▶ [RECORDS PROVIDED]:

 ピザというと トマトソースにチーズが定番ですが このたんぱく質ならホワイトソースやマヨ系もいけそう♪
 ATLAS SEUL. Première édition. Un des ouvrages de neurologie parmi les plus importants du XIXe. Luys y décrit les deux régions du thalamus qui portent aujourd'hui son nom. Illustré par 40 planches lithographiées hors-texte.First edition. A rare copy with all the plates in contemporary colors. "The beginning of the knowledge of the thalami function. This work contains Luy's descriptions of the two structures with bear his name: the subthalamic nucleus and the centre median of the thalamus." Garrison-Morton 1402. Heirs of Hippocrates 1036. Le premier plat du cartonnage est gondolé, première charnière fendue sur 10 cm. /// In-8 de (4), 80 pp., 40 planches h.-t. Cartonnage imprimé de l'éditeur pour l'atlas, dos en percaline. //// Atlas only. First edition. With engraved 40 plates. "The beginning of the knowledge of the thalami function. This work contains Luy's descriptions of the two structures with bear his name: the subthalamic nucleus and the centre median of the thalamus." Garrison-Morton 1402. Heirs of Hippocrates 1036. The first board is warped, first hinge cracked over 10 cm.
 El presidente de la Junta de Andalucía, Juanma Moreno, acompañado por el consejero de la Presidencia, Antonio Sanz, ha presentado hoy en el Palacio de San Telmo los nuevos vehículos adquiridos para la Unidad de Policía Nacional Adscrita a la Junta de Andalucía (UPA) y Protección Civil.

--

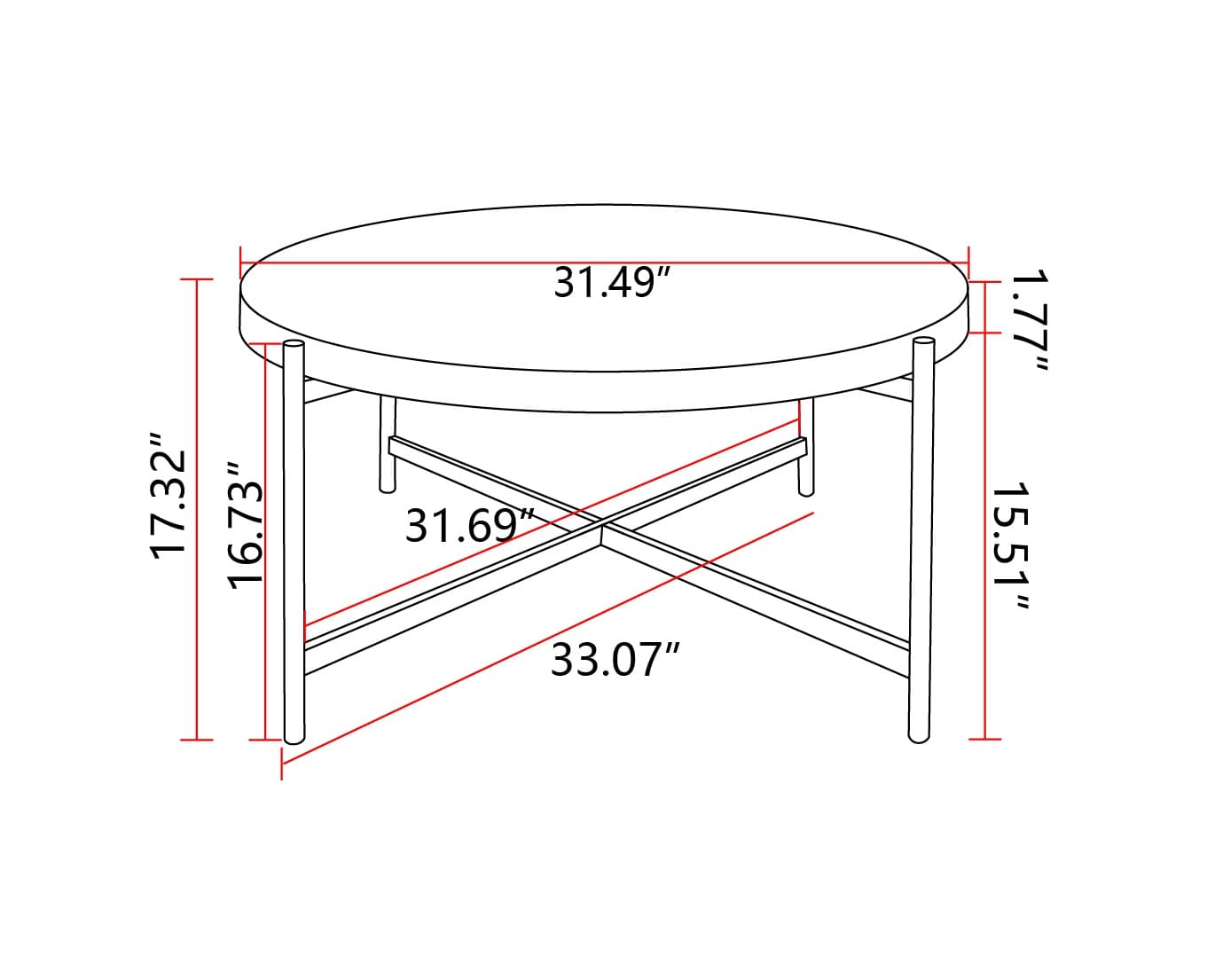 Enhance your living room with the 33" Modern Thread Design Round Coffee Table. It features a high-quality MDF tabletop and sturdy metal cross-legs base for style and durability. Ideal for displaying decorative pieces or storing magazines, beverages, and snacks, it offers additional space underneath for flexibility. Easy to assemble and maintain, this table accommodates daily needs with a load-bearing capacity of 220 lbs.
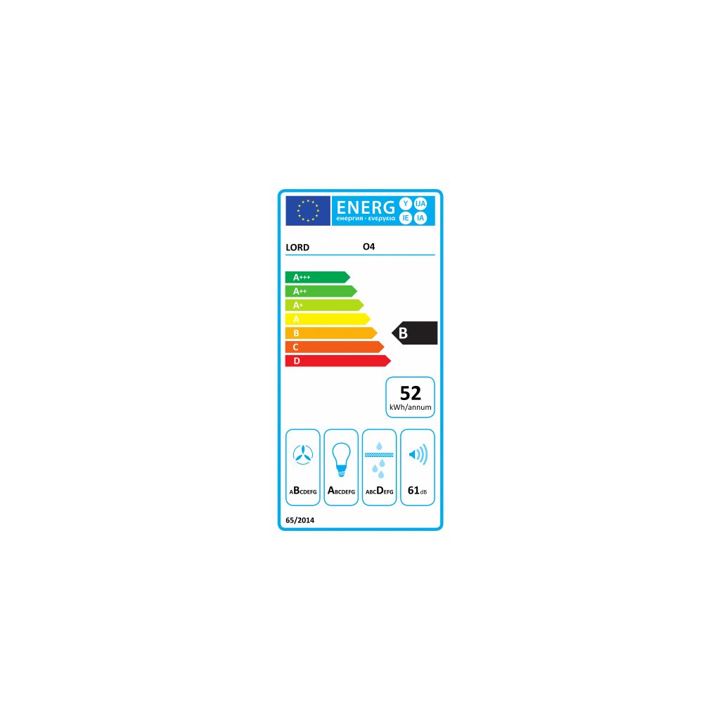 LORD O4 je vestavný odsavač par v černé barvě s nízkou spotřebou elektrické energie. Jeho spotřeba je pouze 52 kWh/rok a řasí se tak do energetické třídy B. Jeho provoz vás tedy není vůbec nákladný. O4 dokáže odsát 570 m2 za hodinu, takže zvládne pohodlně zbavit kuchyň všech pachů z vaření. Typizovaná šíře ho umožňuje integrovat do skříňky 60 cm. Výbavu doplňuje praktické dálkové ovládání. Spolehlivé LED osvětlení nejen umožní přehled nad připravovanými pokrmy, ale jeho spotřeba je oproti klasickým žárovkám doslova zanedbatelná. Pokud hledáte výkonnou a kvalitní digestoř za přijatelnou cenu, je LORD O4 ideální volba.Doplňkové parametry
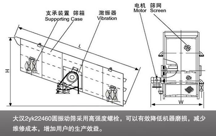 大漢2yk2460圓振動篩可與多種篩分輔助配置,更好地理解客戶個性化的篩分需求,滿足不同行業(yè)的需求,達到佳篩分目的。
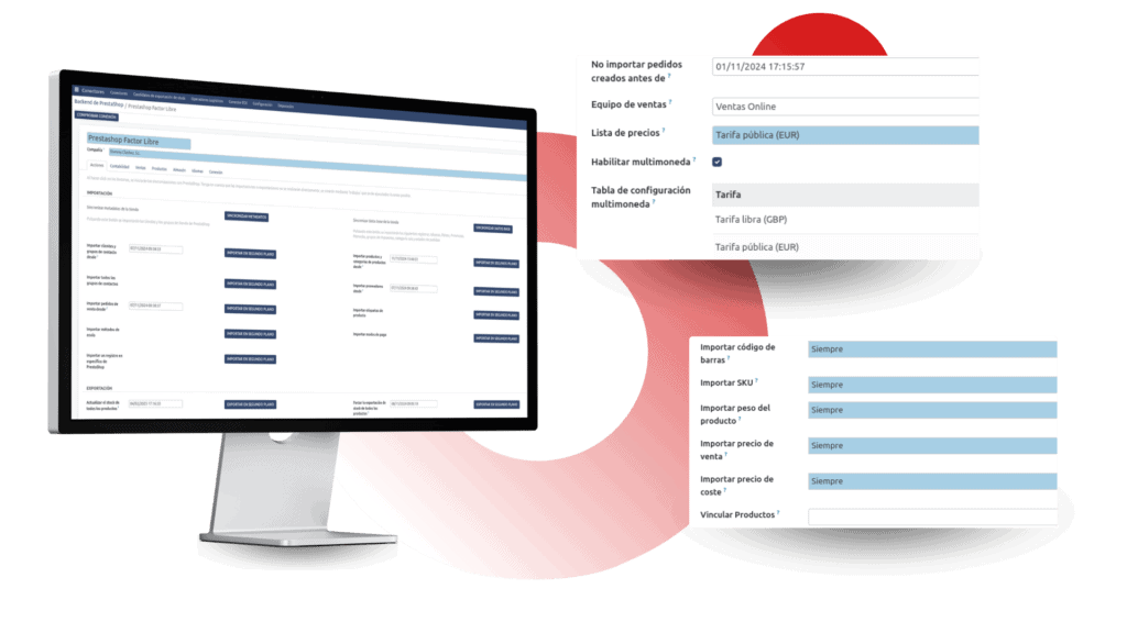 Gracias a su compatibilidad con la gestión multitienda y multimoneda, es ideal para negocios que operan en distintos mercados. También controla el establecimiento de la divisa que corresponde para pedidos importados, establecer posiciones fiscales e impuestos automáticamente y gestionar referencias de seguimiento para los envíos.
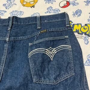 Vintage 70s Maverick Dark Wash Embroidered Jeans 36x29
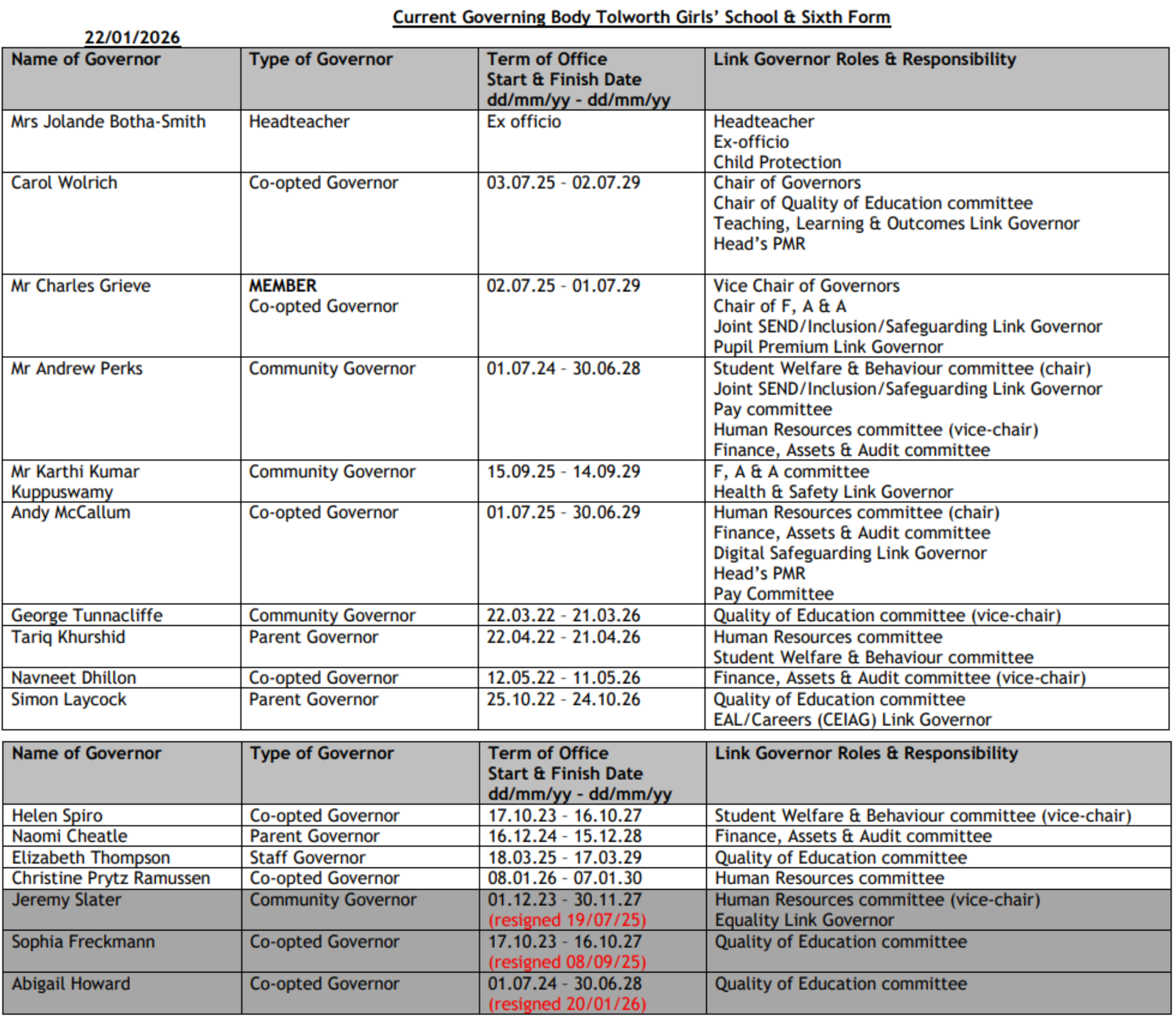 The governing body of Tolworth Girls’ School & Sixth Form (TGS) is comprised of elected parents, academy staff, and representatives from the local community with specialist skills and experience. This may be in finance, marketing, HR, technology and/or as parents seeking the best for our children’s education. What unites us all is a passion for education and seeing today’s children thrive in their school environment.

▶ [WHAT THE TASK REQUIRES]: Using the listing above, repeat word for word each line from the one with "Vintage 70s Maverick" down to the one with "The governing body", both included. Omit all pictures.

▶ [WRITTEN SOLUTION]:
 Vintage 70s Maverick Dark Wash Embroidered Jeans 36x29
 The governing body of Tolworth Girls’ School & Sixth Form (TGS) is comprised of elected parents, academy staff, and representatives from the local community with specialist skills and experience. This may be in finance, marketing, HR, technology and/or as parents seeking the best for our children’s education. What unites us all is a passion for education and seeing today’s children thrive in their school environment.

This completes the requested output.